On February 18, 2020, Front Yard Residential Corporation (the Company) filed a Form 8-K with
the Securities and Exchange Commission (the SEC) in connection with the proposed acquisition of Front Yard Residential Corporation (the Company or Front Yard) by affiliates of Amherst
Residential, LLC (Amherst) pursuant to an Agreement and Plan of Merger, dated as of February 17, 2020 (as may be amended from time to time, the Merger Agreement), by and among the Company, BAF Holdings, LLC
(Parent) and BAF Sub, LLC, a wholly owned subsidiary of Parent (Merger Sub). On March 11, 2020, the Company filed with the SEC its preliminary proxy statement on Schedule 14A and on March 23, 2020, the
Company filed with the SEC its definitive proxy statement on Schedule 14A relating to the special meeting of stockholders of the Company scheduled to be held on April 27, 2020 (the Definitive Proxy Statement) to, among other
things, vote on a proposal to approve the merger of the Company with and into Merger Sub (the Merger) with Merger Sub surviving the Merger as a wholly-owned subsidiary of Parent.
Since the initial filing of the preliminary proxy statement on Schedule 14A, four actions (collectively, the Front Yard Stockholder
Actions) have been filed in federal courts in Delaware, New York and Georgia by purported Front Yard stockholders in connection with the transactions contemplated by the Merger Agreement: Wang v. Front Yard Residential
Corporation, Case No. 1:20-cv-00356 (D. Del. Mar. 12, 2020); Rosenblatt v. Front Yard Residential Corporation, et al., Case No.
1:20-cv-00386 (D. Del. Mar. 18, 2020) (the Rosenblatt Action); Braunstein v. Front Yard Residential Corporation, et al., Case No. 1:20-cv-02523 (S.D.N.Y. Mar. 24, 2020); and Olson v. Front Yard Residential Corporation, et al., Case No. 1:20-cv-01600-SCJ (N.D. Ga. Apr. 14, 2020). Each of the Front Yard Stockholder Actions names Front Yard and its directors as defendants, and the Rosenblatt Action names
Parent and Merger Sub as additional defendants.

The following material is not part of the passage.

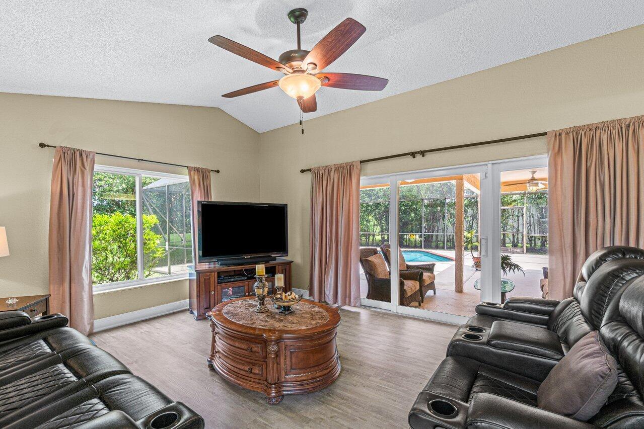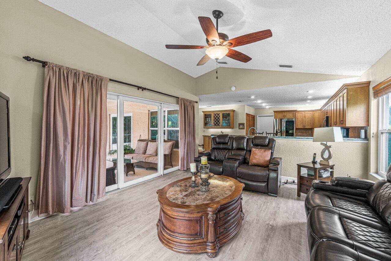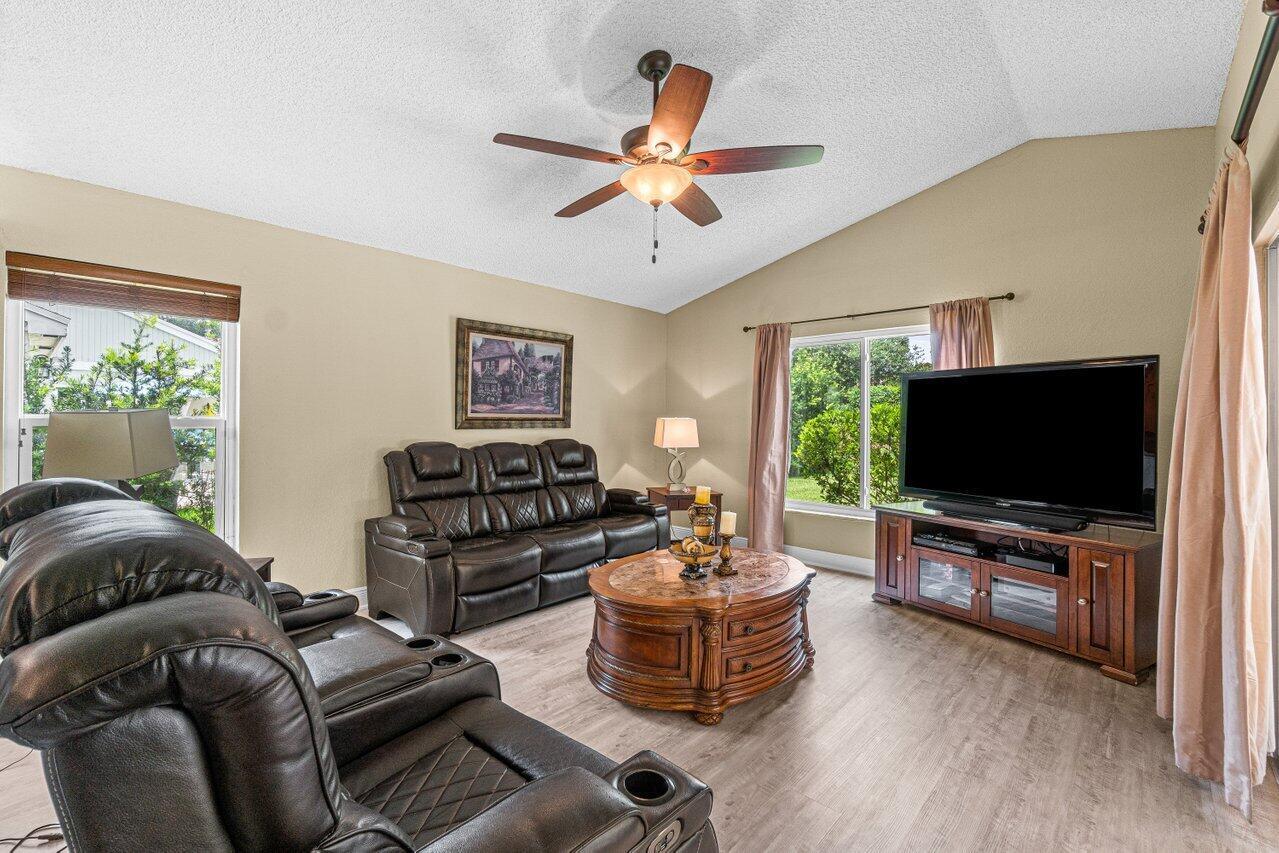 Welcome to 22075 Flower Drive, a beautifully maintained 4-bedroom home featuring a versatile den that can easily be converted into a 5th bedroom. Boasting 2.5 bathrooms, this residence offers a thoughtfully designed layout with space and comfort for the whole family. Enjoy peace of mind with HURRICANE IMPACT windows and doors throughout, a 2023 A/C system, and a working fireplace. The updated kitchen includes sleek stainless steel appliances, blending style and functionality to elevate your daily living experience. Step outside into your private oasis, where a screen-enclosed pool area awaits. Surrounded by lush landscaping and fruit trees, this backyard is perfect for both relaxation and entertaining.

Each of the Front Yard Stockholder Actions alleges, among other things, that the Definitive Proxy Statement on Schedule 14A is false and misleading and/or omits material information concerning the
transactions contemplated by the Merger Agreement in violation of Sections 14(a) and 20(a) of the Securities Exchange Act of 1934, as amended (the Exchange Act), and
Rule 14a-9 promulgated under the Exchange Act. The plaintiffs in the Front Yard Stockholder Actions, among other things, seek to enjoin the transactions contemplated by the Merger Agreement and an
award of attorneys fees and expenses.
SUPPLEMENT TO DEFINITIVE PROXY STATEMENT
This supplemental information should be read in conjunction with the Definitive Proxy Statement, which should be read in its entirety. Page references in
the below disclosures are to pages in the Definitive Proxy Statement, and defined terms used but not defined herein have the meanings set forth in the Definitive Proxy Statement. To the extent the following information differs from or conflicts with
the information contained in the Definitive Proxy Statement, the information set forth below shall be deemed to supersede the respective information in the Definitive Proxy Statement. The Company denies the allegations in the complaints related to
the Front Yard Stockholder Actions and denies any alleged violations of law or any legal or equitable duty. Without admitting in any way that the disclosures below are material or otherwise required by law, the Company makes the following amended
and supplemental disclosures solely for the purpose of mooting the allegations in the complaints related to the Front Yard Stockholder Actions.
The section of the Definitive Proxy Statement entitled THE MERGERBackground of the Merger is amended and supplemented as follows:
The disclosure on page 29 of the Definitive Proxy Statement is amended and supplemented by adding the following new sentence immediately following the
first sentence of the second full paragraph on such page:
Each of the counterparties agreed in the confidentiality agreement to a
customary standstill provision, which ceased to apply upon Front Yards entry into the merger agreement with Amherst.